Momentum grows to save Toronto planetarium from demolition
Over two years have passed since the University of Toronto announced that it would demolish the McLaughlin Planetarium to build a new museum and academic facility.
During this period, the plans for the future of the site have changed a number of times, but the iconic dome building from 1968 that once dazzled visitors with a view of the heavens remains slated for a wrecking crew.
Ever since the planetarium closed down in 1995, there have been calls for its return, but the campaign to preserve the building as monument of mid-century modernist architecture in Toronto has slowly been building since it was launched after U of T announced its fate as part of redevelopment plans.
Spearheaded by Jeff Balmer, an ex-pat professor of architecture at the University of North Carolina in Charlotte, the efforts to prevent its demolition are rooted not just in its architectural pedigree, but also its use-value.
"In a perfect scenario, U of T would work to resuscitate the Planetarium to its original purpose," Balmer explains. "During its decades-long period of operation, [it] was highly successful, both in terms of its educational mission... and in terms of its financial performance."
The Ontario Science Centre has a planetarium but it pales in size compared to McLaughlin, which served an educational purpose first and foremost (stoner trips to see the Pink Floyd laser light show were secondary, though fun). That purpose, argues Balmer, has never been more important.
"In a post-fact world, where the fundamental principals of scientific knowledge is being undermined, public planetariums like those in New York, Chicago, L.A., (and once upon a time, Toronto) are significant standard bearers for science education and a bulwark against attempts to undermine public confidence in science."
The campaign to preserve the building has been endorsed by Docomomo (both the international and US divisions), an organization that seeks to catalogue and protect modern architecture, which has helped to bolster the cause.
Balmer has also submitted the McLaughlin Planetarium to the 2018 World Monuments Watch, a list published every two years that catalogues important cultural heritage sites under threat. Inclusion here would help to put the planned demise of the building on more people's radar.
If the broader public discussion surrounding the McLaughlin Planetarium has been mostly quiet as of late that's probably because there's been very little news about its replacement.
A year ago, U of T announced that Diller Scofidio + Renfro would work with architectsAlliance on what will be called the Centre for Civilizations and Cultures, though not designs have been publicly released as of yet.
I'd suspect that calls for the preservation of the planetarium will increase as the redevelopment process moves forward and demolition becomes an imminent threat.
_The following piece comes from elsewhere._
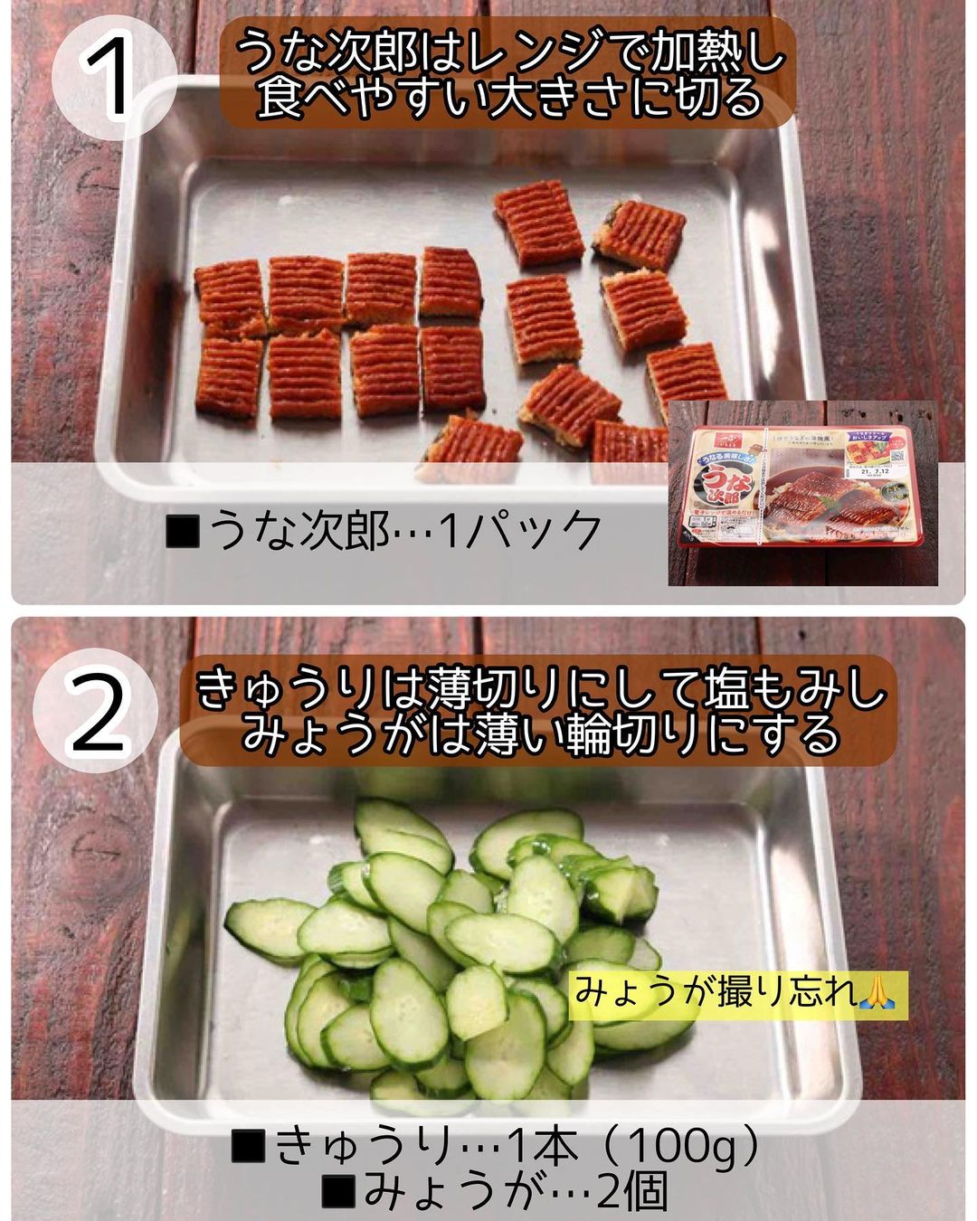 ➊うな次郎は、電子レンジ𝟼𝟶𝟶𝚠で𝟻𝟶秒加熱し、食べやすい大きさに切る。きゅうりは、斜め薄切りにして塩少々(分量外)で揉み、𝟻分おいて水気を絞る。みょうがは薄い輪切りにする。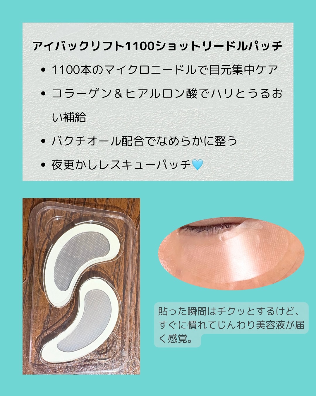 - 気になる目元の肌にハリを与える 肌にすっとなじむ美容保湿成分配合 パッチ1回で1,100回のニードルショット*1 長く貼ってもやさしい使い心地!(韓国内にて低刺激テスト完了*2) 目元だけでなく集中ケアが必要な部位にもお使いいただけます。 *1角質層まで *2全ての方に皮膚刺激が発生しないということではありません

In the meantime, Balmer's Facebook group and petition to save the building continue to grow.
He's had some success with preservation in Toronto before, having been a leader in the successful drive to hold Ryerson accountable to its agreement to preserve and re-install the Sam the Record Man sign (which is finally supposed to happen this year). Mid-century architecture can, however, be a tough sell.
Toronto has a troubling relationship with modern buildings, which are often devalued because they're not old enough to be deemed worthy of saving. The list of important buildings that we've torn down from this period is a cultural tragedy. Many would like to save the McLaughlin Planetarium from a similar fate.
"Because Toronto is such a desirable place to live, it has undergone tremendous development pressures, pressures that have led to an acceleration in the demolition of buildings throughout the city," Balmer notes.
"This calls for a renewed focus on preserving whatâs worth keeping, while allowing for the inevitable loss of older building stock of lesser merit... McLaughlin is clearly worthy, not only for its architectural merits, but because of its significance as a public institution remembered fondly and that served a vital public service."